▶ [What the task asks]:
Copy each line of the entries that contains the word "which".

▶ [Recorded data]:
•••

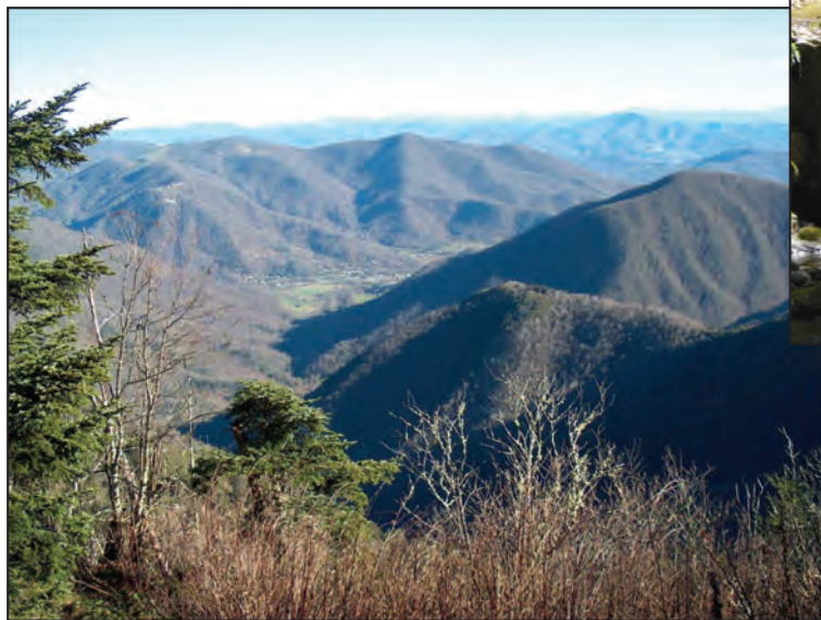
Campbell's Creek Watershed

his co-workers at the district office. Be prepared to stay a while, because you
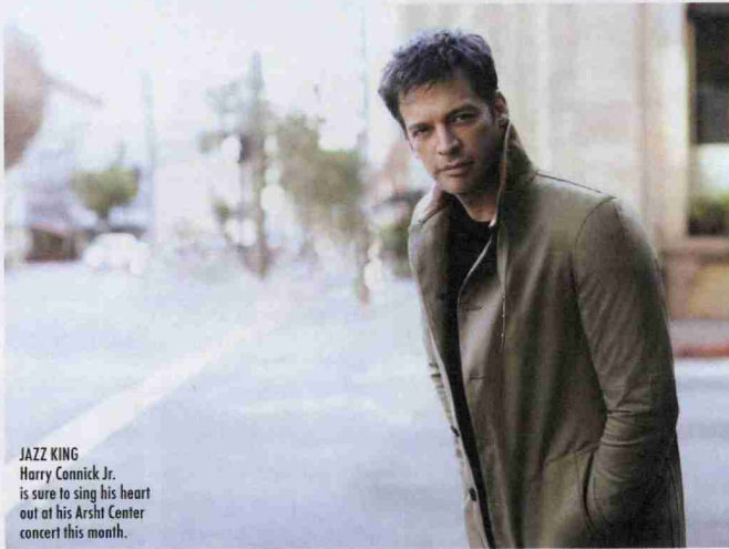
JAZZ KING Harry Connick Jr. is sure to sing his heart out at his Arsh Center concert this month.

feature 70 galleries from around the world, and the focus will be on street art, murals, pop surrealism and genres mastered by local artists. Times vary. Tickets $25. The Art Wynwood Pavilion, 3103 NE First Ave., Miami, 800.376.5850, artwynwood.com
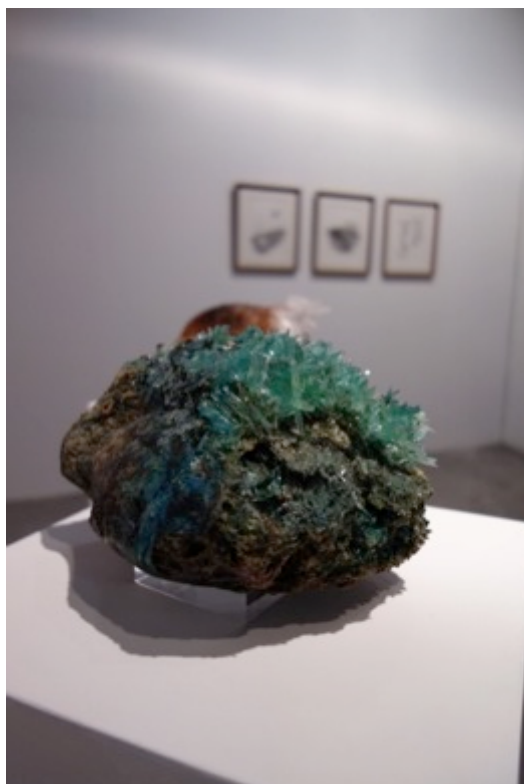
Sookoon Ang, Your Love Is Like A Chunk Of Gold series, 2011, bread, monoammonium phosphate, dimensions variable (installation views at Art Stage 2013)

High-resolution images are available upon request.
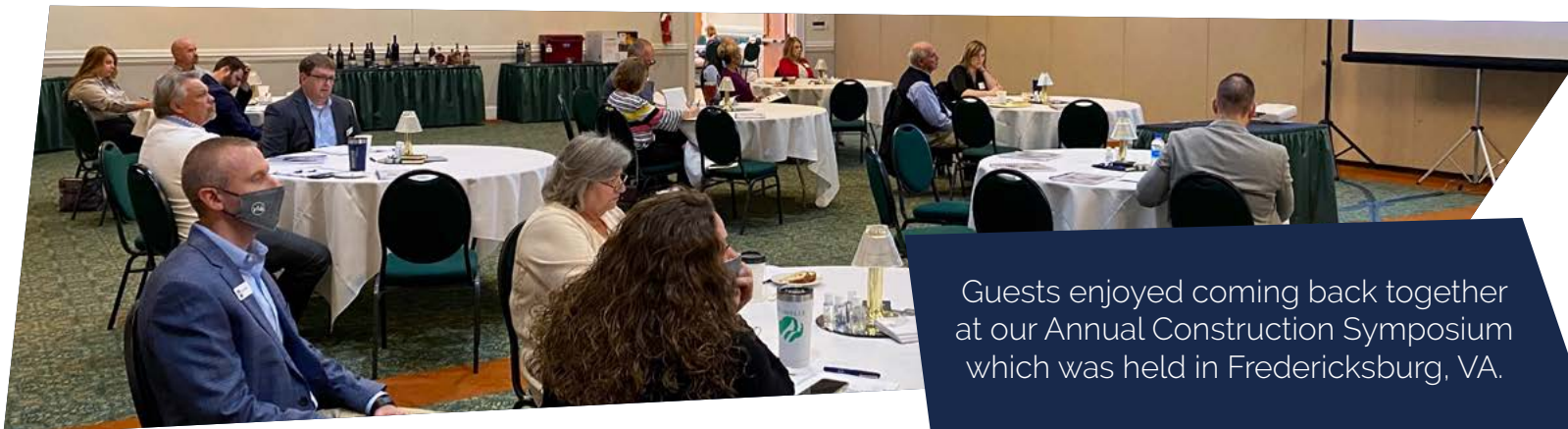
Guests enjoyed coming back together at our Annual Construction Symposium which was held in Fredericksburg, VA.
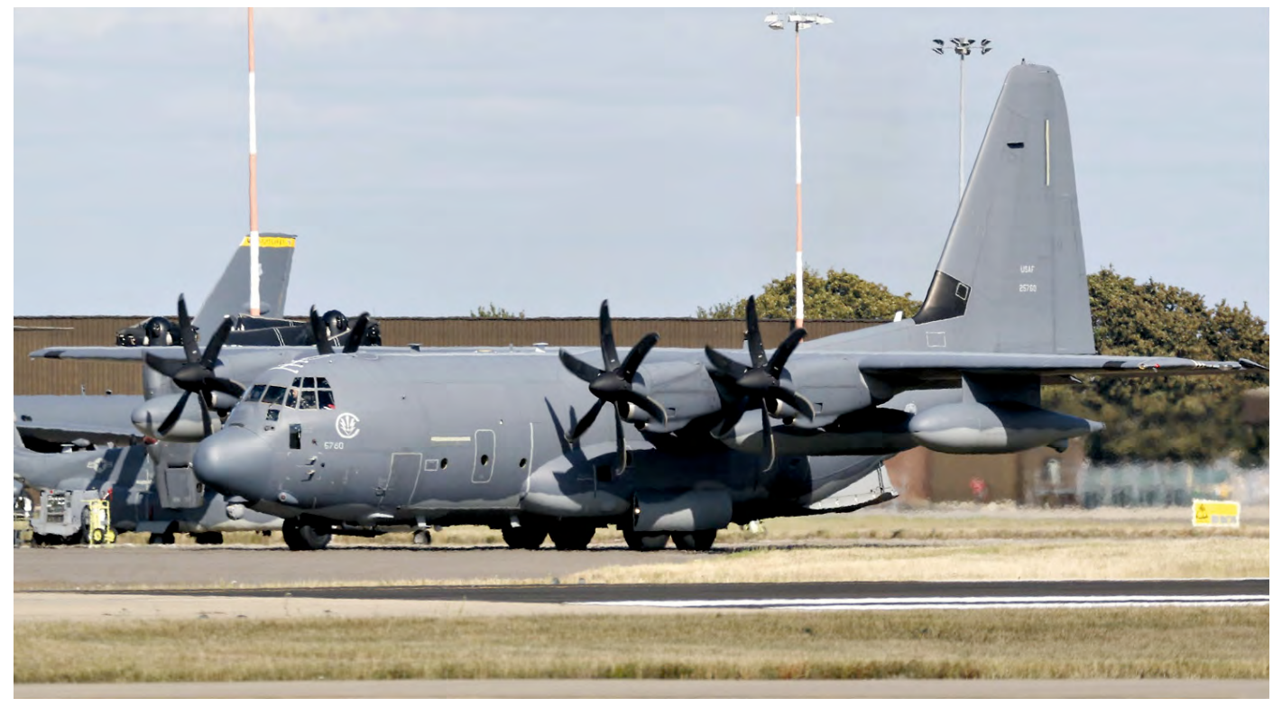
One of the Mildenhall based units is 67th SOS to which this MC-130J 12-5760 belongs (3 September 2019, Martin Uleman)
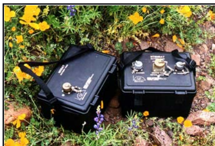
MXBAT & NTEMBAT Batteries
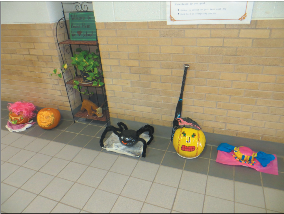
Pumpkin Decorating Contest! Students at Bronte Elementary School had the opportunity to participate in the annual Pumpkin Decorating Contest. There were over 40 pumpkins entered and some of the awards included Scariest Pumpkin, Best Carved Pumpkin, Best of Show, Grand Prize and 1st, 2nd and 3rd place. Some of the decorated pumpkins are pictured above. In addition to the decorating contest, all of the elementary students who dressed up had the opportunity to join in the Costume Parade and walk across the stage in the auditorium. A spooky time was had by all.
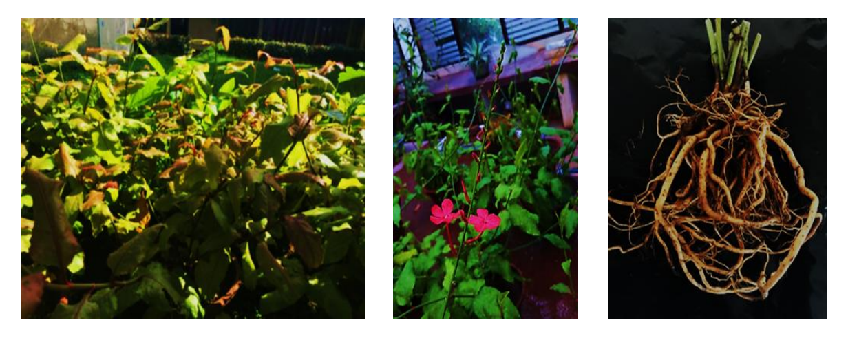
Plate 1. P. indica (a) Plants (b) Flowers (c) Tuberous roots

P. indica has wide range of pharmacological activities against many diseases. Currently plumbagin is mainly extracted from P. indica roots [8]. As plant does not produce seeds, shoot cuttings are mainly used for the vegetative propagation [9]. This plant has a slow growth and take considerably long period of time for roots to be ready for medicinal purposes [8]. P. indica rapidly decline from their natural habitat due to over exploitation for commercial uses [10]. Normally distractive harvesting is done as the root system of this plant used in preparation of traditional medicines [9]. Therefore in vitro plant propagation methods are used as an alternate strategy for sustainable conservation and propagation of P. indica [10].
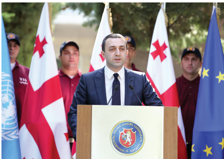
His Excellency Irakli Garibashvili, Minister of Internal Affairs of Georgia inaugurating the CBRN CoE Regional Secretariat in Tbilisi, 9 July 2013

•••

▶ [Solution]:
Guests enjoyed coming back together at our Annual Construction Symposium which was held in Fredericksburg, VA.
One of the Mildenhall based units is 67th SOS to which this MC-130J 12-5760 belongs (3 September 2019, Martin Uleman)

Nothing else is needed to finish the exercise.